Kejutan (2)

475 27 13
                                    

Ano mengetuk pintu ruangan Pak Jun. Wajah guru Matematika itu spontan tersenyum saat tahu yang datang ke kantornya adalah salah satu murid kesayangannya. Meski Ano murid baru, tapi dia sudah berhasil merebut hati guru Matematika itu dengan nilai-nilainya yang selalu diatas 90.

"Kamu, Ano. Ada perlu apa?" tanya Pak Jun ramah.

"Permisi Pak.

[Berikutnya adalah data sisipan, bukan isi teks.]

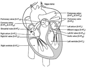 Serotonin is synthesized from tryptophan and is found in high concentrations in the gastrointestinal tract, blood platelets, and central nervous system. It functions as both a neurotransmitter and hormone. Serotonin mediates a variety of effects through multiple receptor subtypes, including smooth muscle contraction, vasoconstriction, platelet aggregation, gastrointestinal motility, mood, appetite, and sleep. Dysregulation of serotonin signaling has been implicated in conditions like migraine, depression, anxiety, and carcinoid syndrome, a tumor that secretes excess serotonin. A number of drugs target specific serotonin receptors to treat associated symptoms.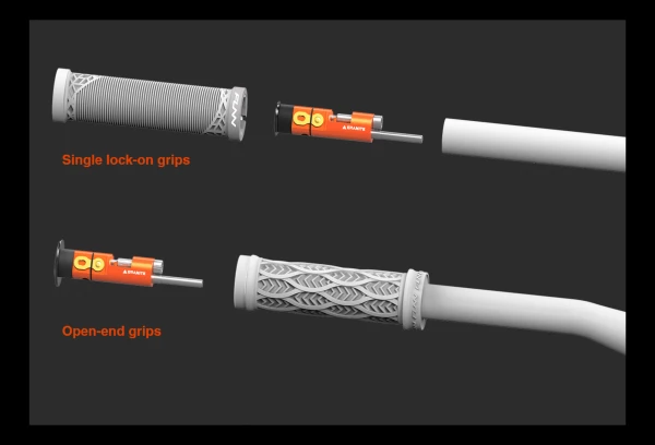 - Fixation : Poignée à bout ouvert ou lock-on avec ouverture de 18 à 21 mm et section droite de 10 cm à l’extrémité du guidon.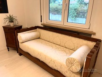 Vendo divano in legno massello damascato avorio restaurato, con due cuscini cilindrici di inizio '900. Dimensioni: 185cmx75cm, altezza 75 cm. Chicca solo per veri appassionati. Per info contattatemi!

Sebelum saya membicarakan keperluan saya kepada Bapak, apakah boleh jika kedua teman saya juga masuk? Karena mereka yang lebih tahu tentang perkara ini."

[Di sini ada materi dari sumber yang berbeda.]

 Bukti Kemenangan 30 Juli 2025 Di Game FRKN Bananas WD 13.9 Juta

Pak Jun memainkan tangannya. "Boleh boleh tentu saja." Apa sih yang tidak untuk murid kesayangan?

Ano pun memanggil Banzai dan Mala masuk.

Pak Jun mendelik lalu berlagak frustasi. "Kalian! Duh tiba-tiba saya jadi pusing lihat kalian berdua."

"Pak, mohon dengarkan kami sekali ini saja. Kami butuh banget bantuan Bapak," pinta Banzai dengan wajah memelas. Dia meraih tangan Pak Jun dan menyiumi punggung tangannya.

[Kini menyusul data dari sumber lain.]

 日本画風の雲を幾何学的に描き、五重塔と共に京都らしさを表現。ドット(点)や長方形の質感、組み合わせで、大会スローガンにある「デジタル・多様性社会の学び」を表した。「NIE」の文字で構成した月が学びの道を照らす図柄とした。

Pak Jun mengibas-ngibas tangannya. "Jangan begini ah!"

"Memangnya apa yang kalian perlukan dari saya?" tanya Pak Jun dengan nada mengejek. "Kalian saja tidak pernah berusaha menyenangkan saya."

"Kamu membawa bukti kecurangan besar dan pembullyan yang telah terjadi di sekolah ini Pak," kata Ano tegas.
Dia tahu bagaimana caranya memancing emosi gurunya satu ini.

Pak Jun sontak bangkit dan berteriak. "Dimana ada kecurangan?! Sini biar saya berantas!"

***

Ano mengantar Banzai dan Mala sampai ke teras rumah.

"Aah. Bukti-bukti sudah terkumpul," kata Ano lega. "Tapi aku masih belum yakin apakah rencana kita ini akan berhasil."

"Tenanglah Kawan. Yang penting kita sudah berusaha," ucap Ano.

"Iya Zai. Kamu jangan pesimis begitu," timpal Mala.

Banzai mengepalkan tangan dan mengangkat tangannya. "Yap! Mulai dari sekarang aku nggak boleh pesimis lagi!"

"Nah gitu dong."

Banzai dan Mala pun pulang diantar supir Mala.

Ano memandangi mobil itu sampai berjalan jauh. Namun tiba-tiba pandangan matanya menangkap sesuatu.

Seseorang di seberang jalan terlihat mencurigakan. Jaket hitam bertudung dan masker hitam itu menutup sebagian besar identitas orang itu. Oh! Celana abu-abu. Insting Ano mengharuskan dia untuk mendatangi orang tersebut.

Melihat gerak-gerik Ano, orang itu berlari. Benar dugaan Ano! Dia pasti seseorang dari sekolahnya.

Mereka pun saling kejar-kejaran. Orang itu tidak boleh lepas,pikir Ano. Bisa berantakan rencananya jika orang itu ada hubungannya dengan Geng Juara. Berarti selama ini mereka tahu rencana ini?

"Ha! Kutangkap Kamu!"

Setelah berhasil meraih lengan orang itu, Ano menariknya, mengangkat orang itu ke punggungnya dan membantingnya ke tanah. Salah satu jurus favoritnya. Kebetulan orang itu juga berbadan lebih kecil darinya. Ini hanya untuk melumpuhkan lawan agar tidak bisa kabur lagi, jadi dia tidak melakukannya terlalu keras.

"Siapa kamu?!" Ano bahkan sudah tidak peduli lagi jika ternyata dia salah duga. Sedangkan orang bermasker hitam itu masih mengerang di tanah.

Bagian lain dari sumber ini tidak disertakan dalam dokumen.